Phylogenetic and phylogenomics analyses showed that UPWRP_2 should be assigned to the genus

Haliangium, of the family Haliangiaceae, of the order Myxococcales, of the class

Deltaproteobacteria and of the phylum Proteobacteria. As UPWRP_2 has a 16S rRNA sequence similarity of 98.37% to the closest neighbour, UPWRP_2 has been proposed to be a novel bacteria species under the genus Haliangium in accordance to the taxonomic classification boundary proposed by Yarza et al. (2014); nomenclature of the novel species is designated as:

• ‘Haliangium clustero’; novel species of Haliangium

Different clades of Haliangium produced different spatial structures as shown with a mixture of

HalianMix and Ribo_Halia1029_17 probes (Figure 5-14). Structure of Haliangium clustero did not resemble the other Haliangium species that played an important role in denitrification in wastewater treatment systems (McIlroy et al., 2014). Through the hybridisation of probe Halia183, it was observed that Haliangium clustero formed aggregates that did not include other Haliangium species targeted by the RiboTagger and HalianMix probes. In contrast to what has been described for Haliangium in wastewater treatment systems, Haliangium species isolated from other environmental sources such as the coastal region have been reported to form fruiting bodies in

180 axenic cultures. The fruiting bodies highly resemble the aggregated structure of Haliangium species in fixed samples of activated sludge (Fudou et al., 2002; Iizuka et al., 2003). Social behaviour for the formation of fruiting bodies has been well-documented for Haliangium in axenic cultures (Zhang et al., 2005). This study has further established that the formation of fruiting bodies appears to be species-specific even in a mixed community setting, as the fruiting bodies only contained one species of Haliangium – at least in the case study of Haliangium clustero.
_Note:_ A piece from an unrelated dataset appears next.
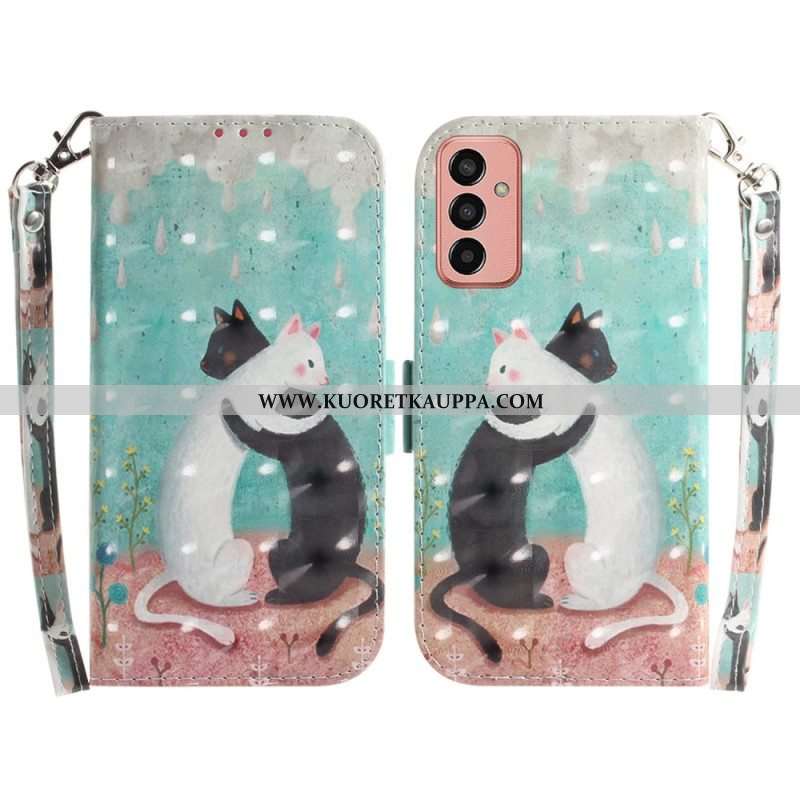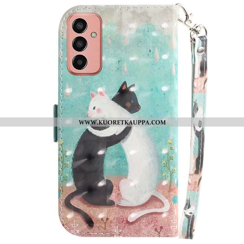 Nahkakotelo Samsung Galaxy M13 Tanssivat Kissat Kaulanauhan Kanssa

Interestingly, Haliangium-related 16S rRNA gene sequences have been extracted from various sampling sites that are associated with a high salt concentration: coastal regions (Iizuka et al.,

2003) and seaweeds (Fudou et al., 2002). However, the aerobic tank of the wastewater treatment plant from where Haliangium clustero was observed in does not provide such a halophilic environment. Furthermore, the development of fruiting bodies in axenic cultures requires a solid surface and how Haliangium clustero formed fruiting bodies in the suspended liquor of the activated sludge environment is worth pursuing in future studies. In addition, the different structural form of Haliangium presents a perfect opportunity to decipher the difference in genetic content between vegetative cells and myxospores. The anti-fungal compound haliangicin has been isolated from Haliangium ochraceum SMP-2 and has been shown to disrupt the fungal mitochondrial respiratory chains (Fudou et al., 2001). Future studies should dictate the extraction of a more complete genome of Haliangium clustero with probe Halia183 to determine if

Haliangium clustero has the genomic potential to produce any novel secondary metabolites with antifungal or antibacterial properties. Given the high abundance of Haliangium clustero in UPWRP wastewater plant, activated sludge might prove to be a potential untapped source for the production of antifungal or antibacterial products.

181

5.4.5 Low similarity of draft genomes to reference genomes Only a small percentage of ORFs (<4%) predicted from the genomes of the unclassified taxa could be correctly assigned to its taxonomic path. There are two plausible explanations for this phenomenon: (1) draft genomes contained genomic fragments with origin from non-target cells and (2) lack of reference genomes in the NCBI NR database. The former scenario is unlikely due to stringent quality controls – both in the management of contamination during FISH-FACS and decontamination of genomic contigs – that ensure that sorted cells were identified to be the taxon of interest with high confidence. In addition, RiboTagger 16S rRNA analysis showed high levels of enrichment (>99%) for the targeted taxon. Furthermore, low level of contamination of the draft genomes was established with the use of essential single-copy gene markers and lineage-specific marker genes.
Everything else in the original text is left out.